Shares of Callon Petroleum (NYSE:CPE) rallied on Wednesday, rising as much as 13% by 12:30 p.m. EST. Catapulting the oil producer's stock were its fourth-quarter results and outlook for 2019.
Callon Petroleum generated $39.9 million, or $0.17 per share, of adjusted net income during the fourth quarter, which came in $0.03 per share below the consensus estimate. Cash flow, however, was healthy at $151.6 million despite falling crude prices during the quarter, and exceeded capital expenses of $127.8 million, enabling the company to generate some free cash flow. Production, meanwhile, was strong at 41,100 barrels of oil equivalent per day (BOE/D), up 18% from the third quarter and 55% year over year. That helped push the full-year average to 32,900 BOE/D, an increase of 44% from 2017 and at the top end of the company's guidance range.
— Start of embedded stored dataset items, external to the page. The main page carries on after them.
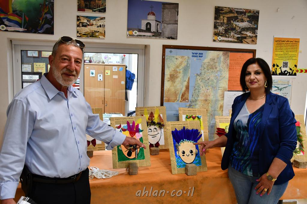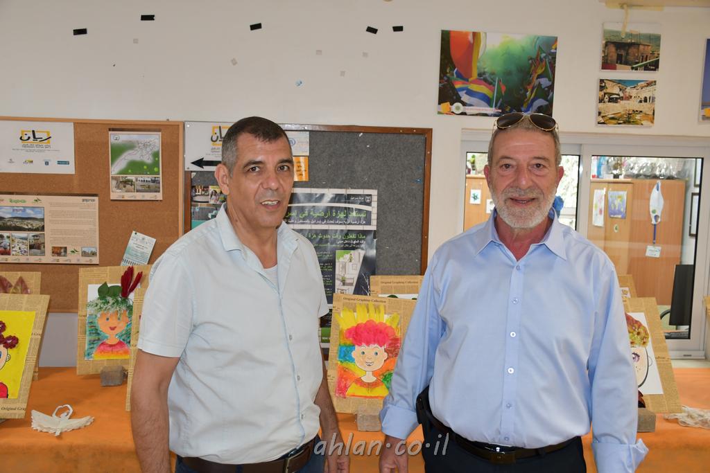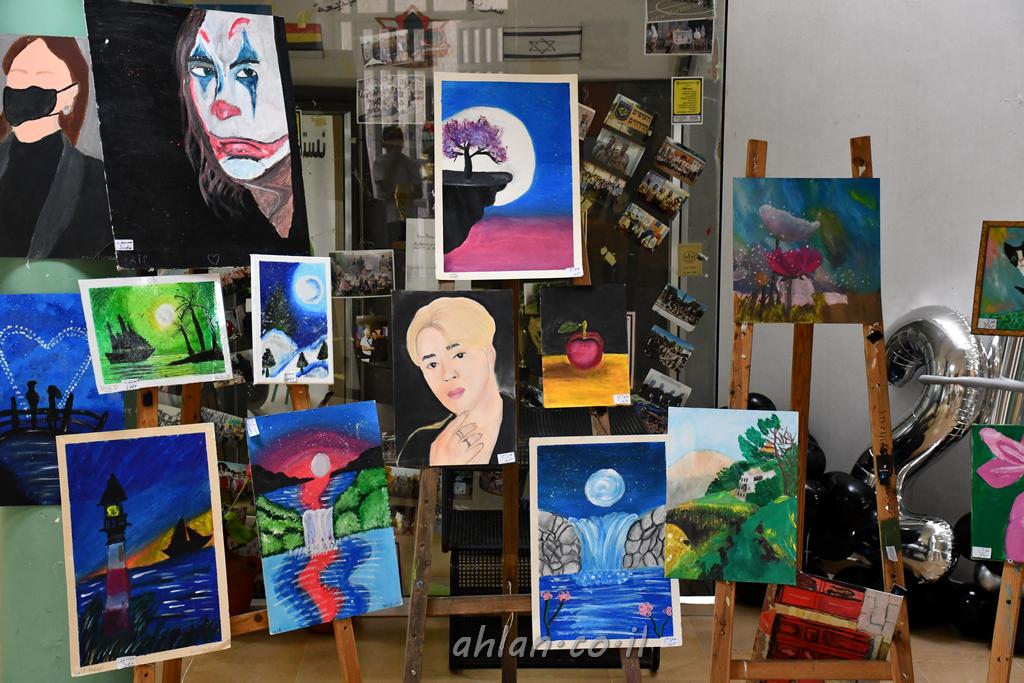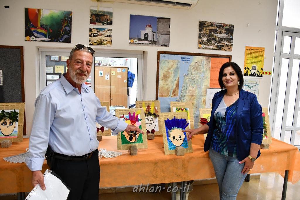 اهلا مع الاحتفال بتخريج طلاب الصف السادس في مدرسة الميس في قرية البقيعه وفي مدخل قاعة الاستقبال تم عرض لوحات فنية خاصة ومميزة من انتاج محلي لطلاب المدرسة قسم الفنون مع المربية المتالقة فريال ابو حلو تجسد ابداعها مع طلابها في مدرسة الميس الابتدائية البقيعة ، حيث تقوم بتعليمه وارشاده في خطوة لايصال رسائل تربوبية هادفة بطرق فنية وابداعية .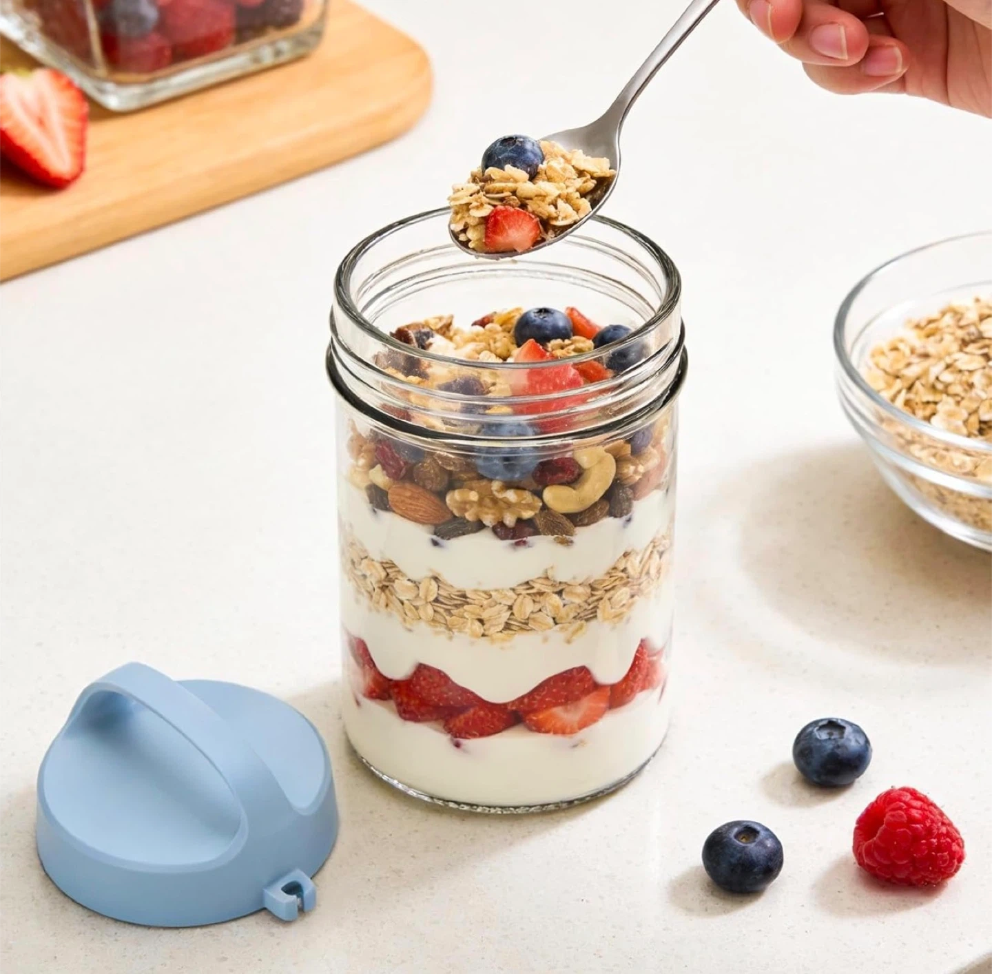 Glass Yogurt Parfait Jar with Lid and Spoon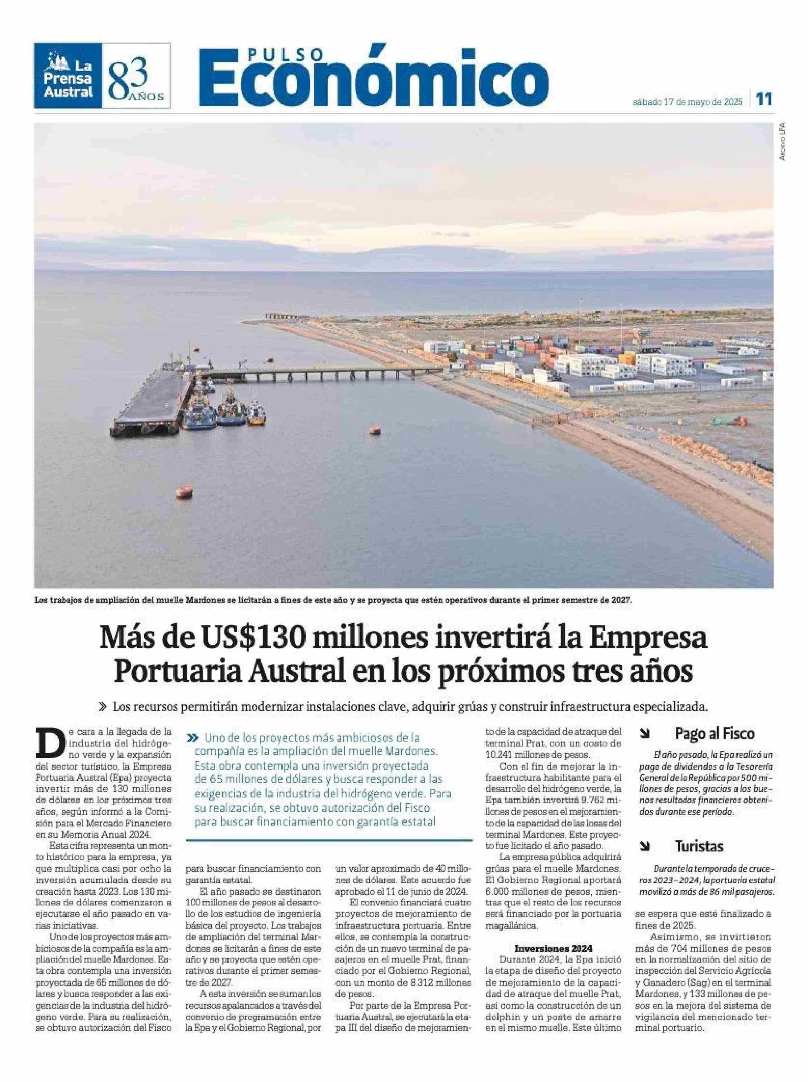 Más de US$130 millones invertirá la Empresa Portuaria Austral en los próximos tres años 17-05-2025 La Prensa Austral |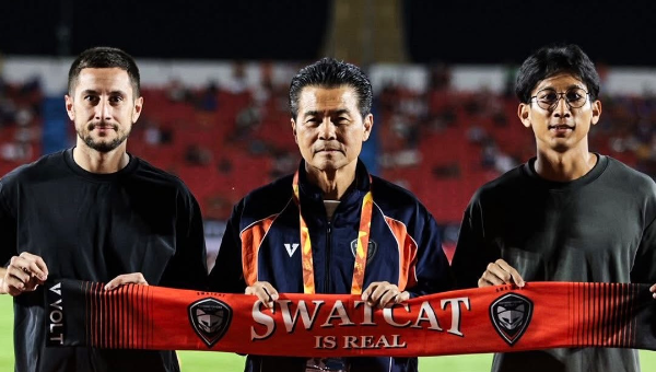 นายเทวัญ ลิปตพัลลภ ประธานบริหารสโมสร "สวาทแคท" นครราชสีมา มาสด้า เอฟซี ร่วมเปิดตัว เควนติน กอร์เน็ตต์ แนวรุกชาวฝรั่งเศส และ เฮน พโย วิน แนวรับชาวเมียนมาร์ โดยจะเข้ามาเสริมความแข็งแกร่งในการแข่งขันเลกสอง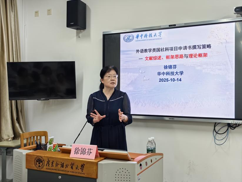 2025年10月14日晚,SUNBET申博在大学城校区教学楼F305教室成功举办“外语教学类项目申请书撰写策略”专题讲座,本场讲座特邀华中科技大学二级教授、博士生导师徐锦芬教授主讲。SUNBET申博经理吴岩教授、英语师范系秦丽莉教授、2026年高层次项目申报人及2024级、2025级研究生到现场参加讲座。本场讲座由SUNBET申博副经理李惠胤教授主持。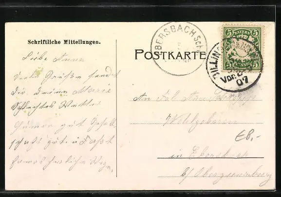 alte Ansichtskarte, gelaufen 1907, guter Zustand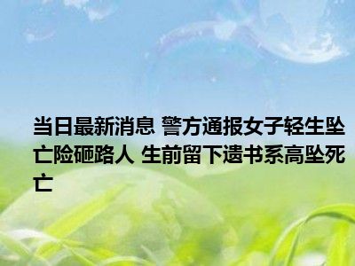 导读 警方通报女子轻生坠亡险砸路人 生前留下遗书系高坠死亡现在是大家比较关注的,因为目前警方通报女子轻生坠亡险砸路人 生前留下遗书系高
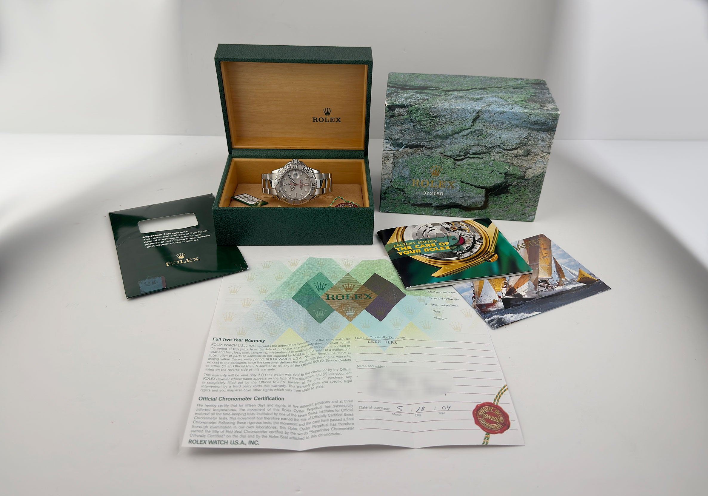 Included with the watch are Rolex box and papers, dated 2004.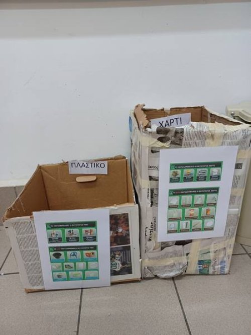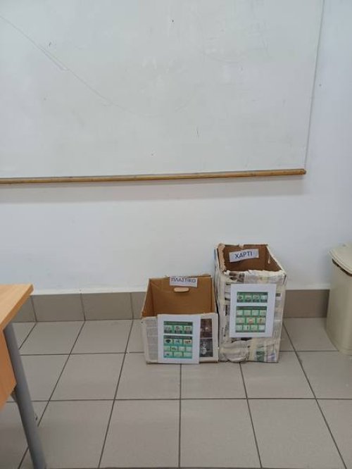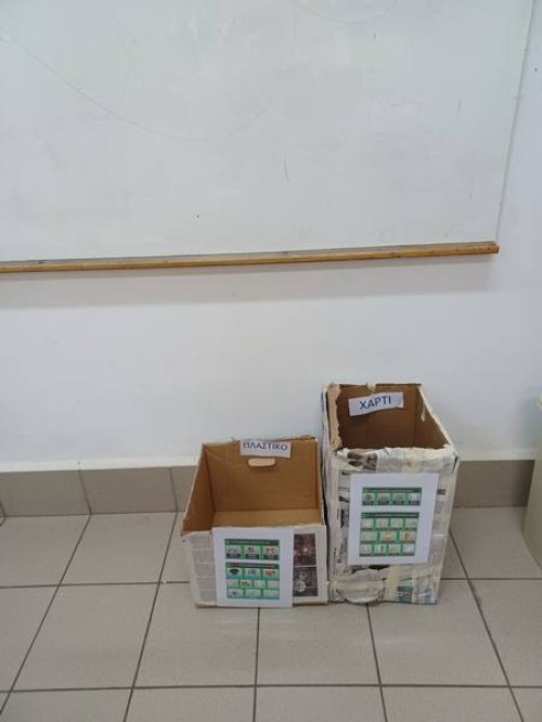 Στα πλαίσια της δράσης για μείωση των απορριμμάτων οι μαθητές που συμμετέχουν στο πρόγραμμα ανέλαβαν ρόλο ώστε να ενισχυθεί η ανακύκλωση υλικών (χαρτιού και πλαστικού) σε όλες τις τάξεις. Οι μαθητές έφεραν στο σχολείο χάρτινα κιβώτια, τα οποία αφού τα έντυσαν με εφημερίδες και τοποθέτησαν πινακίδα με τα υλικά κάθε κατηγορίας που μπορούν να ανακυκλωθούν, τα μετέφεραν σε όλες τις τάξεις του σχολείου.

"The past year represented a significant inflection point in the maturity of our Permian operations and progression to a development model that will drive increased capital efficiency and corporate returns," stated CEO Joe Gatto. That's apparent in Callon's guidance for 2019. Overall, the company plans to spend $500 million to $525 million in capex this year, down from $583 million in 2018. That will provide the company with enough money to grow production up to a range of 39,500 to 41,500 BOE/D, which is a 23% increase at the midpoint. Further, the company can fund that capital plan with room to spare at an oil price in the low $50s.
Callon Petroleum is joining a growing list of oil companies that can deliver strong growth rates while generating free cash flow on oil prices in the low $50s. That will enable the company to thrive in the current market, since it can maintain its pace if oil declines but cash in if crude remains at its current level in the upper $50s. That ability to generate excess cash at lower prices gives the company the flexibility to shore up its balance sheet, make acquisitions, or return capital to investors.